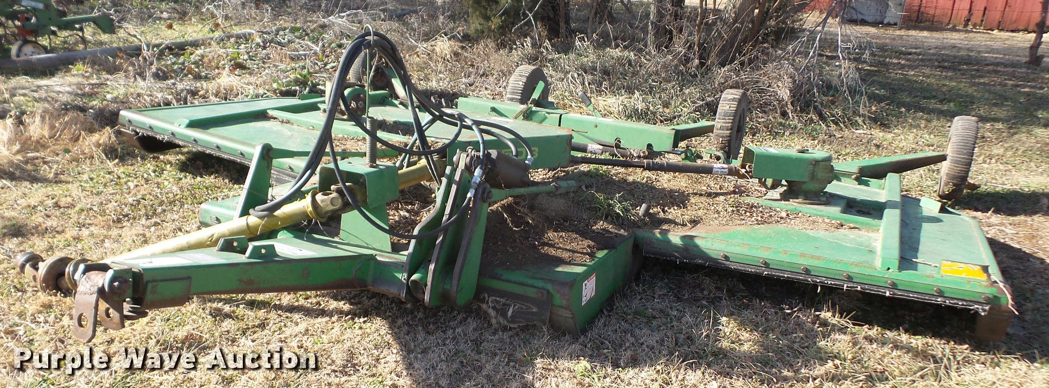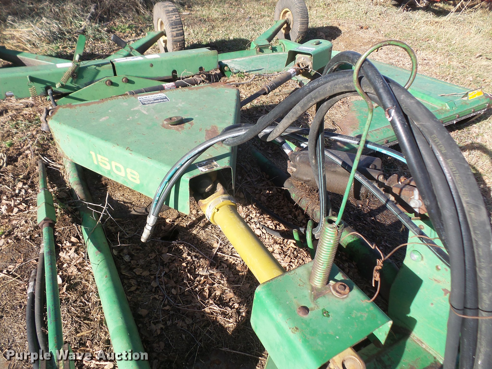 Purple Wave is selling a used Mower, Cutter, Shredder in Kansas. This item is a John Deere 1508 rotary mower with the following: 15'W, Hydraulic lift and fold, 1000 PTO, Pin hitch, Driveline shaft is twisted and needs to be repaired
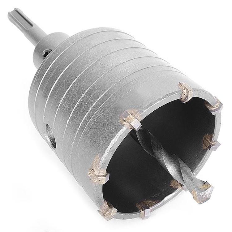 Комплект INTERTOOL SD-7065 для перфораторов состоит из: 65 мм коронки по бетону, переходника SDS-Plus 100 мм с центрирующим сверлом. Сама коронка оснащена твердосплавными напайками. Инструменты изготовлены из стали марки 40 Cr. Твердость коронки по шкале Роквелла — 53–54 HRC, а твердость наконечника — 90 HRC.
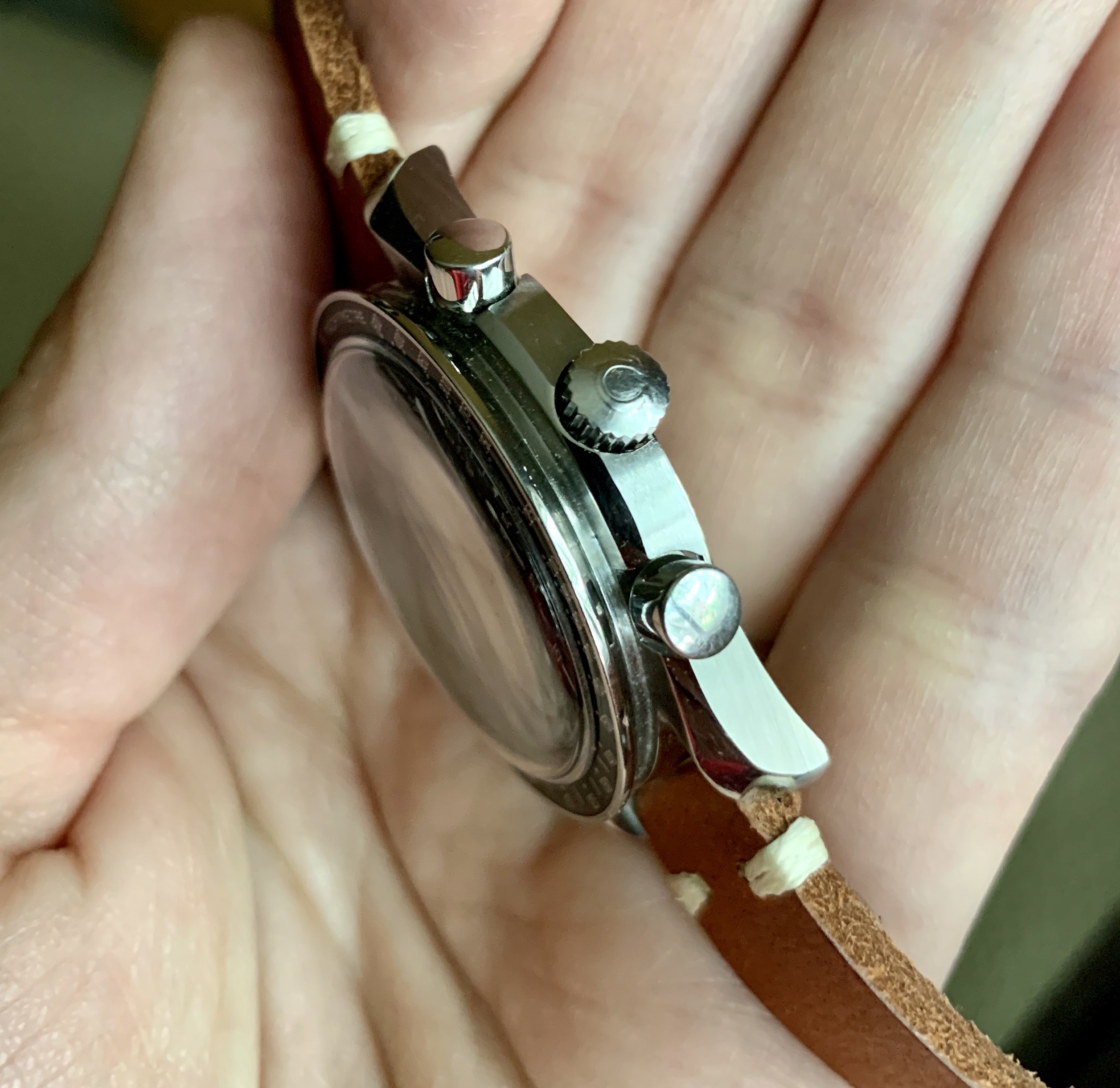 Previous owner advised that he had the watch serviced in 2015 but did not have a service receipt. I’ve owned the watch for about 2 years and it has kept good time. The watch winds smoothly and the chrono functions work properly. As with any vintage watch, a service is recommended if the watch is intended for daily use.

__________________________________________________

▸ **Exercise requirements**:
The response must match the listing exactly, except that pictures are removed.

▸ **Result**:
 Purple Wave is selling a used Mower, Cutter, Shredder in Kansas. This item is a John Deere 1508 rotary mower with the following: 15'W, Hydraulic lift and fold, 1000 PTO, Pin hitch, Driveline shaft is twisted and needs to be repaired
 Комплект INTERTOOL SD-7065 для перфораторов состоит из: 65 мм коронки по бетону, переходника SDS-Plus 100 мм с центрирующим сверлом. Сама коронка оснащена твердосплавными напайками. Инструменты изготовлены из стали марки 40 Cr. Твердость коронки по шкале Роквелла — 53–54 HRC, а твердость наконечника — 90 HRC.
 Previous owner advised that he had the watch serviced in 2015 but did not have a service receipt. I’ve owned the watch for about 2 years and it has kept good time. The watch winds smoothly and the chrono functions work properly. As with any vintage watch, a service is recommended if the watch is intended for daily use.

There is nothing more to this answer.